Discussion in 'Amps and Cabs [BG]' started by atldeadhead, Feb 26, 2004.

  1. atldeadhead


    Jun 17, 2002
    I've never used mutiple cabs before. Can I do this?

    I've got an SWR SM500 that I'd like to run bridged mono into 2 Aguilar GS 112's. They are both 8 ohms so by daisy chaining them I'd have a total load of 4 ohms. This is what I want, that way I can get the total amount of power the 500 will produce.

    My question is about the speaker cables I have. Tell me if this is an acceptable way to daisy chain the cabainets.

    I have one cable (A) that has a speakon on one end and a 1/4" plug on the other end. I had been using this cable to go from my SWR to my Hartke 4.5xl. I have another cable (B) that has a speakon on both ends. It's the speakon cable that came with my SWR.

    I'd like to run cable A from the SWR into the 1/4" input of GS112 (A). From there I'd like to use cable B, the speakon cable, to go from GS112 (A) into GS112 (B).

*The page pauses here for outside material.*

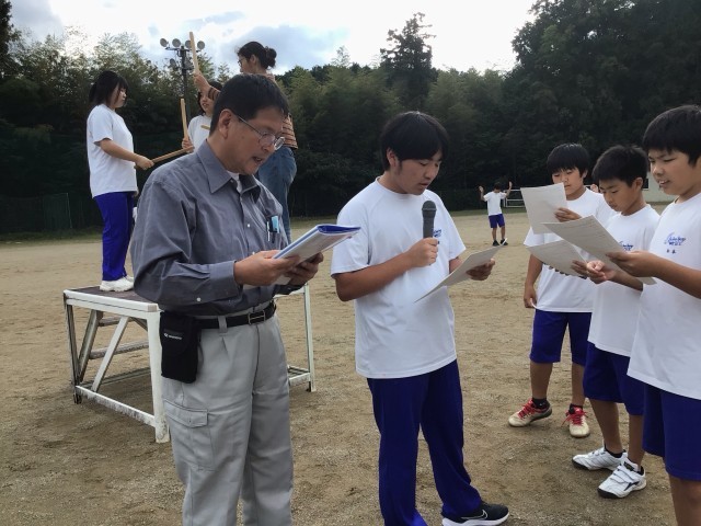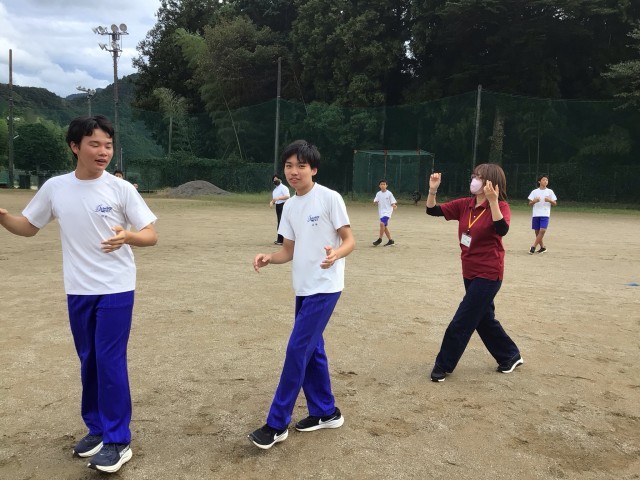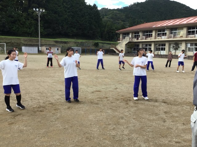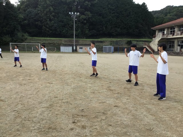 生徒たちは小学校から馴染みのある踊りです。生徒たちは歌に合わせて1・2年生が3年生を囲み、踊りました。

    I don't *think* there's anything wrong with doing it this way but I want to make sure so I don't damage any of my equipment.

    Can I do this?

  2. the only thing that would hold this setup back is if the speakon connectors are not wired in parallel with the .250" jacks. this is highly unlikely, however. you won't damage any of your equipment this way. the worst that could happen is that the second GS-112 cabinet doesn't produce any sound. but that is highly unlikely.

  3. atldeadhead


    Jun 17, 2002
    Anybody know if the jack's are all wired in parallel?
  4. reddavid


    Oct 11, 2001
    Wayne, PA
    not sure about the wiring, but i would think again about the impedence...from another thread:

    If the cabs are in series, you just add the impedances. Eg 8 + 8 =
    16. That's why most amps/cabs don't have the speakers in series,
    adding a second cab makes the setup quieter!

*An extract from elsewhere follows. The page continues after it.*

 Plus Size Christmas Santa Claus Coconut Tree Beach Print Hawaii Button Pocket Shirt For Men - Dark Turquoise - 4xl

    So, most cabs are in parallel. The general case for parallel cabs of
    impedance A and B: (A x B) / (A + B)

    Eg (8 * 4) / (8 + 4) = 32 / 12 = 2.7

    so, if you run daisy chain (series) i would think your impedence was 16 ohms.

    i'm sure someone else more expert than i can clarify.

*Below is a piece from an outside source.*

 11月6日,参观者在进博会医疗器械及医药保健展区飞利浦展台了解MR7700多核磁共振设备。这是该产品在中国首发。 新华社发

  5. Conventional speaker jacks are in parallel, so daisy chaining them like this will produce a 4 ohm load (if both cabs are 8 ohms). Should work fine.
  6. atldeadhead


    Jun 17, 2002
    Nashville Bill is correct. The following excerpt comes straight outta the SM500 the manual:

    Speaker 1 = 8 Ohms
    Speaker 2 = 8 Ohms

    This example shows two 8 ohm speaker enclosures connected in parallel for a total load of 4ohms. This is the minimum impedance that the SM-500 is designed to drive safely in the Bridge Mode.

    Connecting multiple enclosures that have a combined total impedance of less than 4ohms may result in damage to your amplifier.

    The following cabinet configurations may be used:
    • one 4 ohm enclosure
    • one 8 ohm enclosure
    • two 8 ohm enclosures <--This would be me with 2 GS112's
    • four 16 ohm enclosures

    SM-500 Power Output Ratings:
    Bridge/Mono Mode

    500 Watts @ 4 Ohms
    400 Watts @ 8 Ohms
    250 Watts @ 16 Ohms

    (minimum load = 4 Ohms)
  7. I build all my cabs with dual Speakon, two-pair type in parallel. All four wires are intact for bi-amping purposes.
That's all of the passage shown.